Malaria is caused by the Plasmodium parasite and transmitted by a mosquito bite of an infected female Anopheles mosquito. The first symptoms of the disease are fever, headache, and chills, and if left untreated, Plasmodium falciparum malaria can lead to death (WHO, 2020).
Cerebral malaria (CM) is the leading cause of death associated with P. falciparum malaria (Bruneel, 2019). The course of CM is not necessarily lethal, although survivors may have permanent neurological damage like behavioral abnormalities, epilepsy, and impaired motor functions (Nishanth and Schluter, 2019).
Chloroquine (CQ; molecular weight = 319.87 g mol−1) is commercially available as a diphosphate salt (molecular weight = 515.86 g mol−1) with a pKa of 8.4 and 10.8 (20°) (Castro e Souza et al., 2020; Tariq and Al-Badr, 1984). It is an aminoquinoline with antimalarial activity and generally acts as a schizonticide in malarial infections (Macedo et al., 2016). Currently, few strains of P. falciparum are sensitive to CQ, mainly due to its wide prophylactic use (Coban, 2020). Furthermore, this drug’s primary reported adverse effects are nausea, vomiting, diarrhea, headache, blurred vision, and acute cardiovascular toxicity (Chukanchitipat and Na-Bangchang, 2017; Vieira et al., 2020).

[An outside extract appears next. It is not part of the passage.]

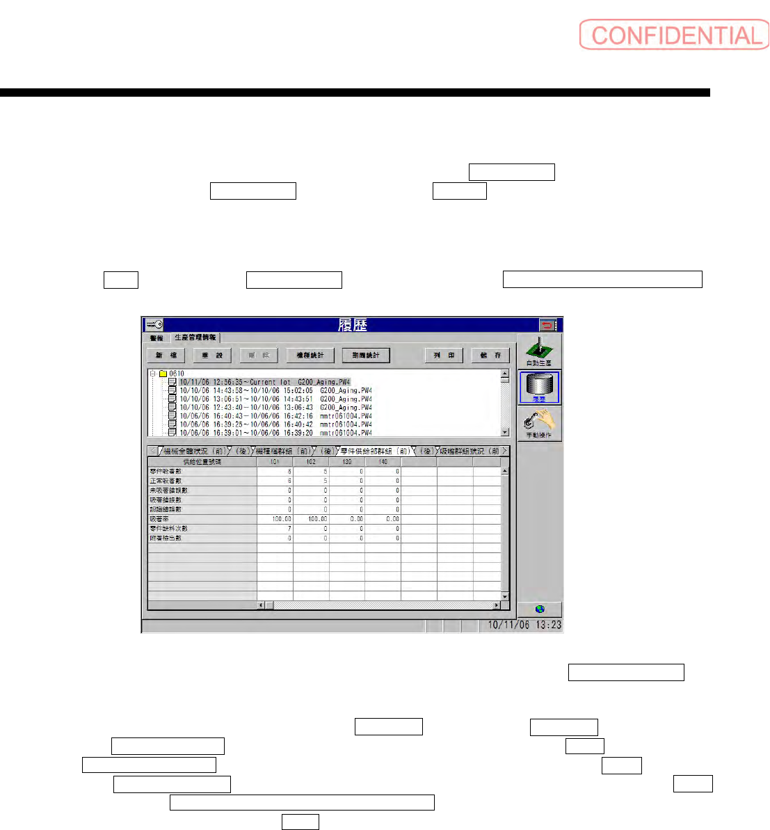 表示零件供给位置的各种错误的状况及吸着率,此表示为附属 檔群組資料 ( 文件群组资料 ) 的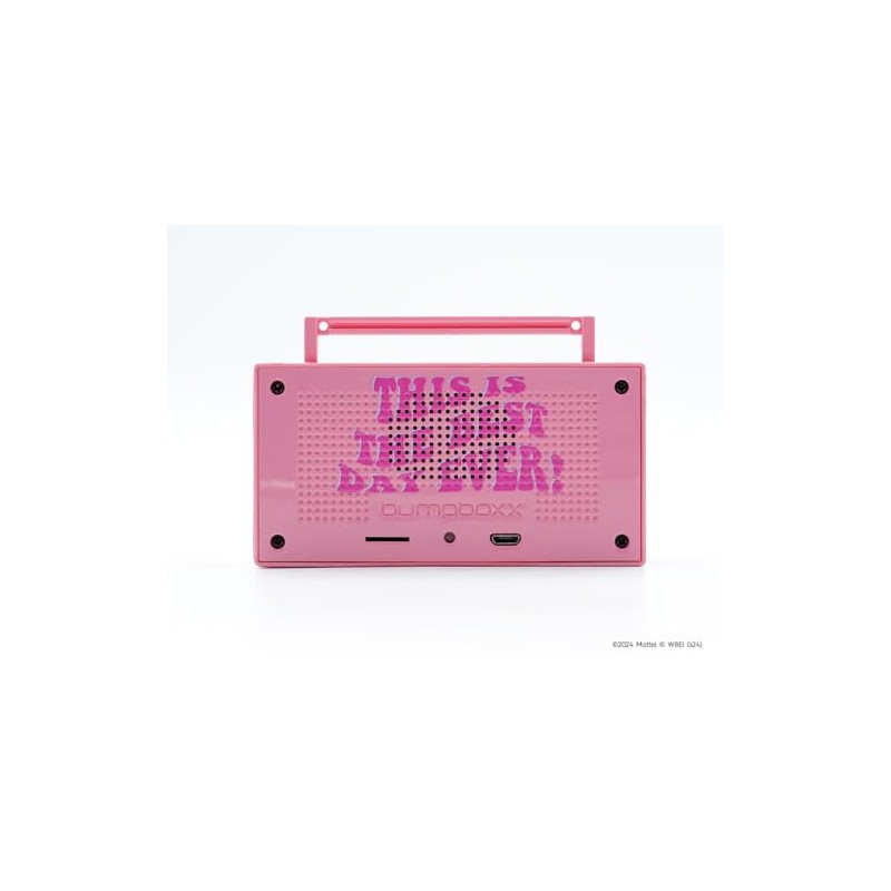 Say “Hi” to the Barbie The Movie x Bumpboxx Microboom. Join in on the spirit of fun and fashion, because your playlist deserves it. The Bumpboxx MicroBoom is a portable Bluetooth Speaker that seamlessly blends fashion & technology. Weighing in at only 3.7 ounces & smaller than a smart phone & much louder. The MicroBoom has the option to be worn on a necklace for hands free use. Connect to your bluetooth or use the SD card slot. You can Sync two units wirelessly in TWS mode giving you a left & right channel. Length: 5.29" | Width: 3.84" | Height: 2.33" | Weight: 10.21 oz.

Colchicine (CC) is widely used to treat acute attacks of gout prophylaxis and familial Mediterranean fever (Slobodnick et al., 2018); it has been shown to suppress caspase-1 activation and IL-1β and IL-18 release. Moreover, this mechanism has been attracting attention in treating other diseases, including coronary heart disease (Martinez et al., 2015). The main problems reported in using CC are microtubule disassembly leading to cell death, low oral bioavailability, and low therapeutic index (Angelidis et al., 2018).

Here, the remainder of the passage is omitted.